中古住宅の取引は「仲介会社選び」が最も重要です
物件は一つしかないので、結局のところ、どの不動産仲介会社を通じても、購入した物件には違いがありません。
しかし、間に入る不動産仲介会社によって、物件の買い方やプロセスは大きく変わってしまいます。
新築と違い、中古住宅は検討するべき項目が多いです。窓口となる仲介会社が「うちの仕事じゃないんで…」と逃げてしまうと、結局のところ買主が損をしてしまうのです。
■完全自己責任の住宅ローン減税?!
先日ご相談いただいた件です。
※耐震基準適合証明や住宅ローン減税に関するコンテンツを配信しているので、当社の取引ではない消費者からのお問い合わせもたくさんいただいています。
お問い合わせの日から3日後が引き渡し日で、今からの手続きで住宅ローン減税は間に合うのか?という相談でした。
この取引には二つの問題がありました。
ひとつは仲介会社が築年数を誤って判断していたことです。不動産売買契約後、住宅ローンの正式審査を行うまで、平成11年築で住宅ローン減税が利用できると聞いていたそうですが、実際には平成10年築で、築後年数要件に抵触する物件でした。

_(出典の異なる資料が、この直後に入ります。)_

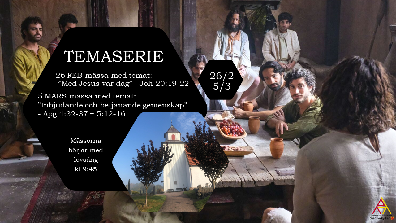 I Joh 20:19-22 läser vi om när Jesus på påskdagen visar sig för lärjungarna. Han hälsar dem med att ge dem frid, något vi alla kan ta emot. Jesus säger också ”som Fadern sänt mig sänder jag er” och sänder här ut lärjungarna att fortsätta det Jesus påbörjat. Han lämnar den till viss del, men är närvarande för alltid genom den Helige Ande. Så avslutas det också när Jesus säger ”ta emot Helig Ande”. Jesus vill vara med oss varje dag, vi bjuds att ta emot från honom och ge vidare till andra.

今から耐震基準適合証明書が間に合いますか?という相談だったのですが、残念ながら3日ではどうしようもない状況でした。
二つ目は売主が宅建事業者なのに既存住宅売買瑕疵保険について全く説明がなかったことです。
この物件は新耐震の物件だったので、もし既存住宅売買瑕疵保険に加入していれば、住宅ローン減税が適用されていました。
さらに売主が宅建事業者の場合は住まい給付金も利用できる可能性があるのですが、住まい給付金を使うためには既存住宅売買瑕疵保険の加入が要件となっています。
最低2年の瑕疵責任については説明があったものの、既存住宅売買瑕疵保険やインスペクションについては全く聞かされていない状態でした。
住宅ローン減税は税制の話なので、仲介会社は直接に関係する話ではありません。ただ、住宅購入に関係する補助制度なので、窓口となる仲介会社が機能していないと、消費者が制度を利用することはできません。
住宅ローン減税を買主の自己責任としてしまう姿勢の仲介会社はあまりに無責任ではないかと思います。
■実は中古取引に慣れていない?!
不動産業界は長らく新築のマーケットでした。
国の住宅政策の転換で、中古住宅の流通が促進されていますが、既存住宅売買瑕疵保険やインスペクションなどの制度はできたばっかりで、1件も取り扱ったことがない仲介会社が存在します。
不動産のプロと標榜しておきながら、実は中古取引をあまりやったことがない会社が多いのです。
適切な事業者選びにはいくつかポイントがあるのですが、最もわかりやすいのが、買付申込の段階で、「住宅ローン減税を利用するための方法」を確認することです。
適切に案内していただける場合はそのまま取引が進められますが、ごまかしたり、明確な回答が得られない場合は、事業者を変えた方が無難です。
中古住宅を取得する場合に様々な支援制度が用意されているのですが、窓口となる仲介会社が不慣れだとどの制度も利用できないという結果になりかねません。
大切なことなのでもう一度。
中古住宅を検討するなら、まずは仲介会社選びが大切です。